- Task statement -
Set out exactly, line by line, the stretch of data below that begins at the line containing "Earthy, fresh, and" and ends at the line containing "Blue lightweight down", with both ends kept.

- Entries provided -
----

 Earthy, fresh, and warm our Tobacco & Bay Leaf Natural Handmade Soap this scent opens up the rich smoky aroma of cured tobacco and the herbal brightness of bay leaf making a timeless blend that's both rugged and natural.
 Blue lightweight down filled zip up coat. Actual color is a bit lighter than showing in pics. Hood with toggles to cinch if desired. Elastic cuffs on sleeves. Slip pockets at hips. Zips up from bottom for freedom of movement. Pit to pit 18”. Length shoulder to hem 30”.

----

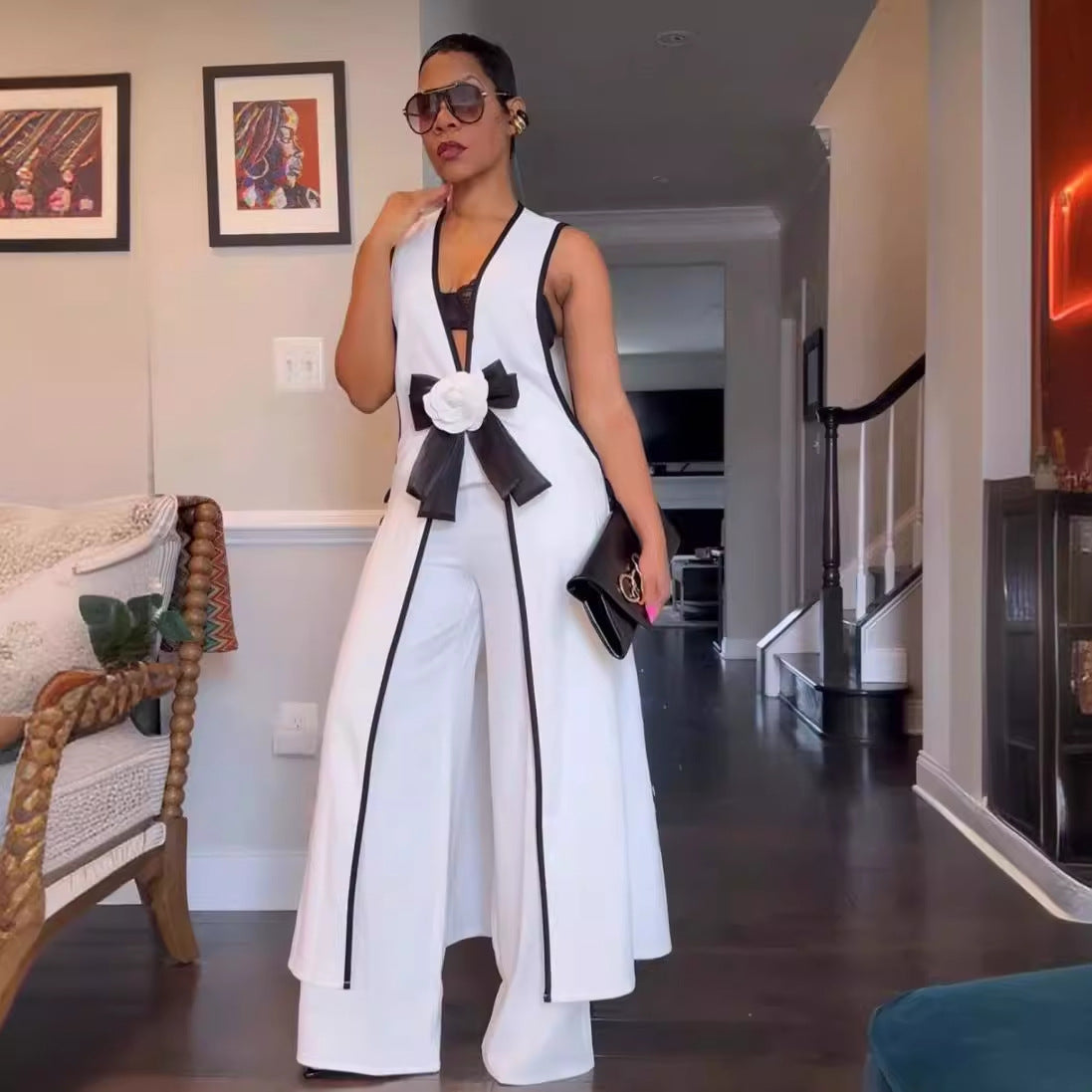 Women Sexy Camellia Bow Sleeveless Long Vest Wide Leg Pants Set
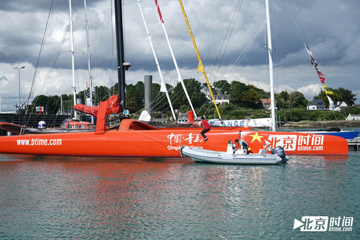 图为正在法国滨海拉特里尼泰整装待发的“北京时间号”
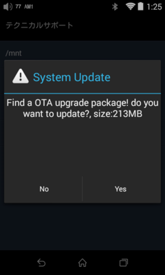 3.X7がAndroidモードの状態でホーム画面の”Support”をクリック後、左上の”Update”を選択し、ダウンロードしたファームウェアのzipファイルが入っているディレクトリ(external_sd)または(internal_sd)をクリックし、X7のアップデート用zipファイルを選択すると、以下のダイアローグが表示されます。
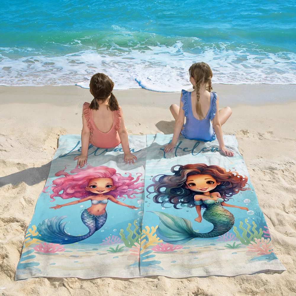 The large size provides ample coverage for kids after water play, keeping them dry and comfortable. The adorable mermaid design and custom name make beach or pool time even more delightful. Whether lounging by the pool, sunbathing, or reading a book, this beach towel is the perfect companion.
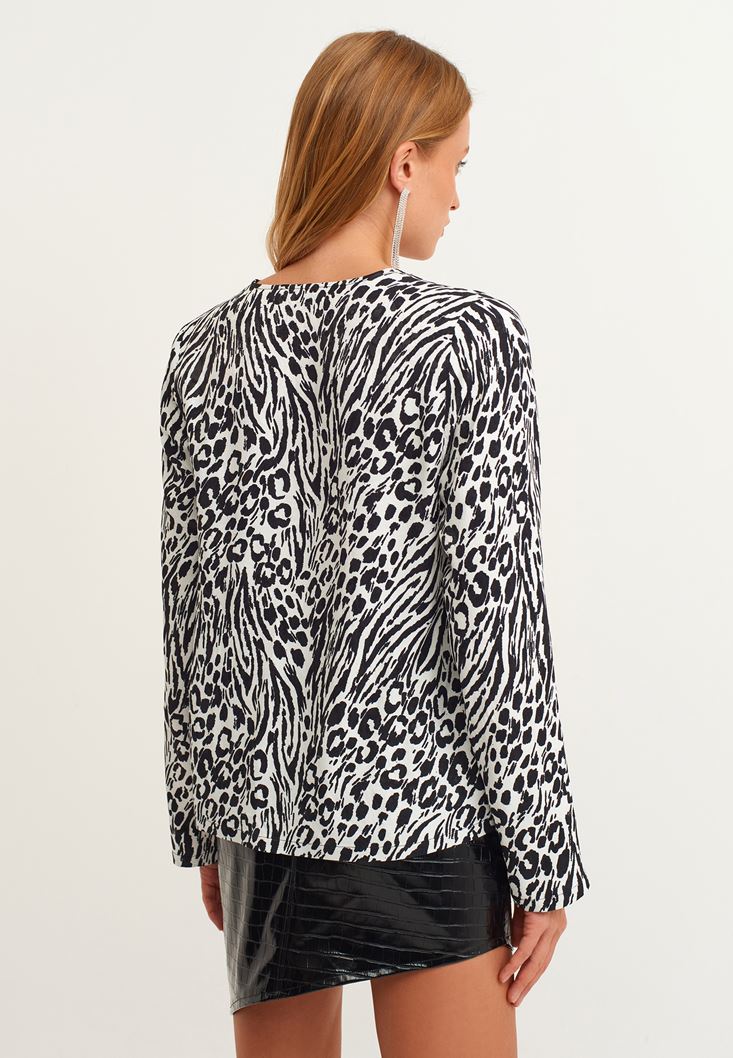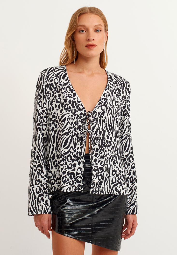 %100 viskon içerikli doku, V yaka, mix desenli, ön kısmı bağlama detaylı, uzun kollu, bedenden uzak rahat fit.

----

- Expected output -
 Earthy, fresh, and warm our Tobacco & Bay Leaf Natural Handmade Soap this scent opens up the rich smoky aroma of cured tobacco and the herbal brightness of bay leaf making a timeless blend that's both rugged and natural.
 Blue lightweight down filled zip up coat. Actual color is a bit lighter than showing in pics. Hood with toggles to cinch if desired. Elastic cuffs on sleeves. Slip pockets at hips. Zips up from bottom for freedom of movement. Pit to pit 18”. Length shoulder to hem 30”.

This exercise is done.